**EXERCISE REQUIREMENTS**
Set down, word for word, every line of the material below from the one containing "Costa Rica hatte" through the one containing "After the shortcut", but none of its pictures.

[DATASET ENTRIES]

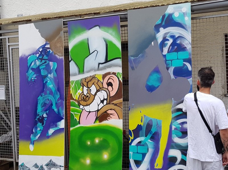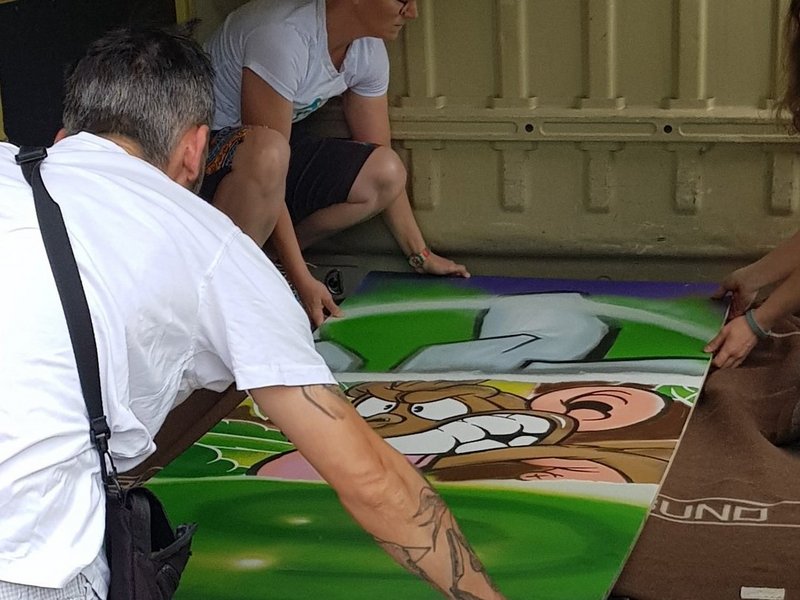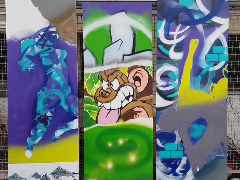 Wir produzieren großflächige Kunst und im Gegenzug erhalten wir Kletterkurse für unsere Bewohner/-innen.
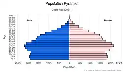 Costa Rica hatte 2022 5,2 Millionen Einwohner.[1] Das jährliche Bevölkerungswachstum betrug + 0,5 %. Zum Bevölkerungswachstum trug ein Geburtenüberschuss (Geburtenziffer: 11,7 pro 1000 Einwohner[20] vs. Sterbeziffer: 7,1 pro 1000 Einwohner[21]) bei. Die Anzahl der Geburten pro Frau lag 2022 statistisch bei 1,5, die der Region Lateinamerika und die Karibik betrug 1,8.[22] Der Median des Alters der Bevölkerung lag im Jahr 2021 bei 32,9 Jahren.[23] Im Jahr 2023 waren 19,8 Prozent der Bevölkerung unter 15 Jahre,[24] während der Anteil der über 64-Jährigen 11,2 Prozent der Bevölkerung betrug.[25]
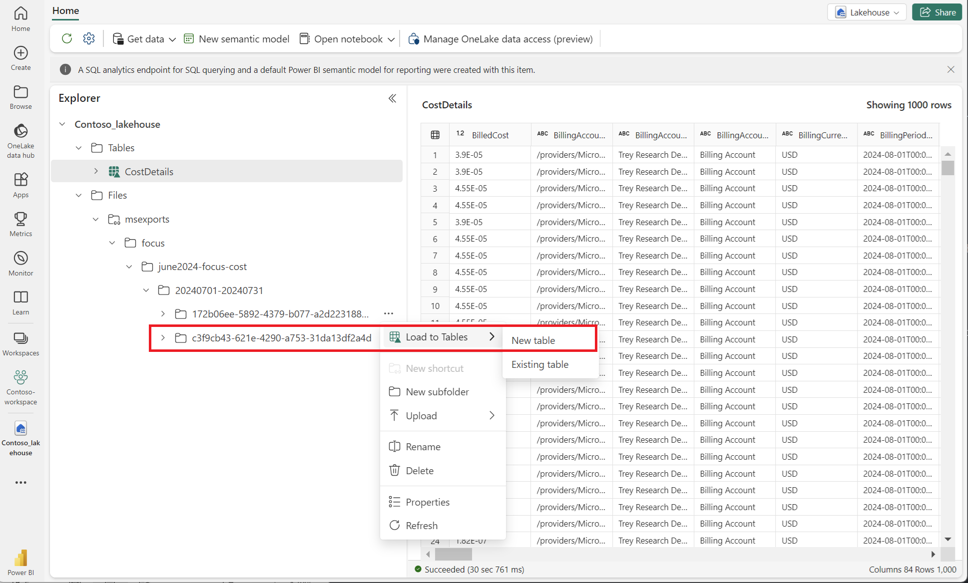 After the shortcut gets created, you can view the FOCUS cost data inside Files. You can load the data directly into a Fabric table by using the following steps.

[/DATASET ENTRIES]
[DATASET ENTRIES]

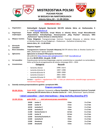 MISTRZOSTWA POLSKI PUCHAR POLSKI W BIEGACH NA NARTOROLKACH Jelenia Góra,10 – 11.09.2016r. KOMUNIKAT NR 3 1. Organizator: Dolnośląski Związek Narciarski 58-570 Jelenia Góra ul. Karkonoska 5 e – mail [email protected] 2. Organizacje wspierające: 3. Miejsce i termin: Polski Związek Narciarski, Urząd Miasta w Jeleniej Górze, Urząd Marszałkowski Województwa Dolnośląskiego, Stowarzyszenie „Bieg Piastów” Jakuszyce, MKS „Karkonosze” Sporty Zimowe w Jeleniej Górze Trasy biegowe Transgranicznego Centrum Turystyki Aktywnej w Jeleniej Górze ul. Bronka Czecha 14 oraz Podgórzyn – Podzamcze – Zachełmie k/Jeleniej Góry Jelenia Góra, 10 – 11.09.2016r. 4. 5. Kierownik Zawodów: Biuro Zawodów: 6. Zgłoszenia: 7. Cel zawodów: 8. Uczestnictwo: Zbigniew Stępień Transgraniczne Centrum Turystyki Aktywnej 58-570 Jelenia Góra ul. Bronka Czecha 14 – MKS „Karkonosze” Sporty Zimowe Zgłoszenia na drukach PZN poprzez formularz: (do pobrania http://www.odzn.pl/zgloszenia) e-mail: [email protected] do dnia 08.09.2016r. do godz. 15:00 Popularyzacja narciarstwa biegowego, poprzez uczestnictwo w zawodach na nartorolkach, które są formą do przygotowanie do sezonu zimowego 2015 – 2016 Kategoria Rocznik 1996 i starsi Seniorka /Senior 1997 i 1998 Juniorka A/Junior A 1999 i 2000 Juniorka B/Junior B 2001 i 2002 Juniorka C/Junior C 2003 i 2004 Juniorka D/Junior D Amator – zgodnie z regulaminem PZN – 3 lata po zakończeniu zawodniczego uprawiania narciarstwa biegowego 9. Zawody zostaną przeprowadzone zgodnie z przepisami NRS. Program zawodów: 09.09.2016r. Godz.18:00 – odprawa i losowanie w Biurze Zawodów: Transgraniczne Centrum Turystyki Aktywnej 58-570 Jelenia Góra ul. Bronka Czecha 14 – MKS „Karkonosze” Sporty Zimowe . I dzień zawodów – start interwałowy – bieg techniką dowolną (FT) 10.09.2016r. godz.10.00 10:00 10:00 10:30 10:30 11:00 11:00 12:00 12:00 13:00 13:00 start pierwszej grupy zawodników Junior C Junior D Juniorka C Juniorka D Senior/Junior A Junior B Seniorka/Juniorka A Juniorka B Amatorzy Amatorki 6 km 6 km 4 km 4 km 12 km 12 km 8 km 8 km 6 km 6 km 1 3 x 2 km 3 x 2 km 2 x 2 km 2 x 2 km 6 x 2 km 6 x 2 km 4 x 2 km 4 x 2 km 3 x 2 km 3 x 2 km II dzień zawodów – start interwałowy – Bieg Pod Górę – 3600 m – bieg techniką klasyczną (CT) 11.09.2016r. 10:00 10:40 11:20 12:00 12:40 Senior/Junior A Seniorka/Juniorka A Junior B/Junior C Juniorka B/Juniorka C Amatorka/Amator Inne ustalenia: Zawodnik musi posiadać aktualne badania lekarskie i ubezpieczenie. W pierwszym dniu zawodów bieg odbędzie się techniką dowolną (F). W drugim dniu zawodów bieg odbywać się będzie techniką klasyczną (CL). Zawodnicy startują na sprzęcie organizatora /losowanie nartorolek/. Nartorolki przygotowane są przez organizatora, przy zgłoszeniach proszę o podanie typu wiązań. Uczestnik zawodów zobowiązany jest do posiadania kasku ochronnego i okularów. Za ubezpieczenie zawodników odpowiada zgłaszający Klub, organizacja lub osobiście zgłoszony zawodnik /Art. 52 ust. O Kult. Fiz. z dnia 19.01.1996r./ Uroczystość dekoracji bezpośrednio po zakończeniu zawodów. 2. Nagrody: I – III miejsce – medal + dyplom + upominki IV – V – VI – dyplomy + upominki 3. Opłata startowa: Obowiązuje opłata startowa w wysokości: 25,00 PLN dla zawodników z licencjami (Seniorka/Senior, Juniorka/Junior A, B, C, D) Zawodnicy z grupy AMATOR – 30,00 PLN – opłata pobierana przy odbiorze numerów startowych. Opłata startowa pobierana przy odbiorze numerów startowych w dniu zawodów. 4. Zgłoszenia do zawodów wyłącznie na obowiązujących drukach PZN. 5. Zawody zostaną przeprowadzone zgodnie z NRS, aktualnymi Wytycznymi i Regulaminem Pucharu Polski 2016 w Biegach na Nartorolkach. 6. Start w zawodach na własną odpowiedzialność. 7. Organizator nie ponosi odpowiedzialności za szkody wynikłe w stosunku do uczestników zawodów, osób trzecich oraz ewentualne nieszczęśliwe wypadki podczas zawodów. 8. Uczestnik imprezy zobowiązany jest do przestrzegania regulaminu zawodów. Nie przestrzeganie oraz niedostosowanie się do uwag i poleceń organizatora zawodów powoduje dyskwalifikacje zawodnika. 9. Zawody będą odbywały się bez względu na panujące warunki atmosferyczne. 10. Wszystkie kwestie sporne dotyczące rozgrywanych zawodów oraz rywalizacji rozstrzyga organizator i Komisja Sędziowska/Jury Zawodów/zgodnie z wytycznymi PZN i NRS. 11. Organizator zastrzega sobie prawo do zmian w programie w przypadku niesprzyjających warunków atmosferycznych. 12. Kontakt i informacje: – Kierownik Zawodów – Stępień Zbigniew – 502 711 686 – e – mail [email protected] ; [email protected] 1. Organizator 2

[/DATASET ENTRIES]

**EXERCISE RESPONSE**
 Costa Rica hatte 2022 5,2 Millionen Einwohner.[1] Das jährliche Bevölkerungswachstum betrug + 0,5 %. Zum Bevölkerungswachstum trug ein Geburtenüberschuss (Geburtenziffer: 11,7 pro 1000 Einwohner[20] vs. Sterbeziffer: 7,1 pro 1000 Einwohner[21]) bei. Die Anzahl der Geburten pro Frau lag 2022 statistisch bei 1,5, die der Region Lateinamerika und die Karibik betrug 1,8.[22] Der Median des Alters der Bevölkerung lag im Jahr 2021 bei 32,9 Jahren.[23] Im Jahr 2023 waren 19,8 Prozent der Bevölkerung unter 15 Jahre,[24] während der Anteil der über 64-Jährigen 11,2 Prozent der Bevölkerung betrug.[25]
 After the shortcut gets created, you can view the FOCUS cost data inside Files. You can load the data directly into a Fabric table by using the following steps.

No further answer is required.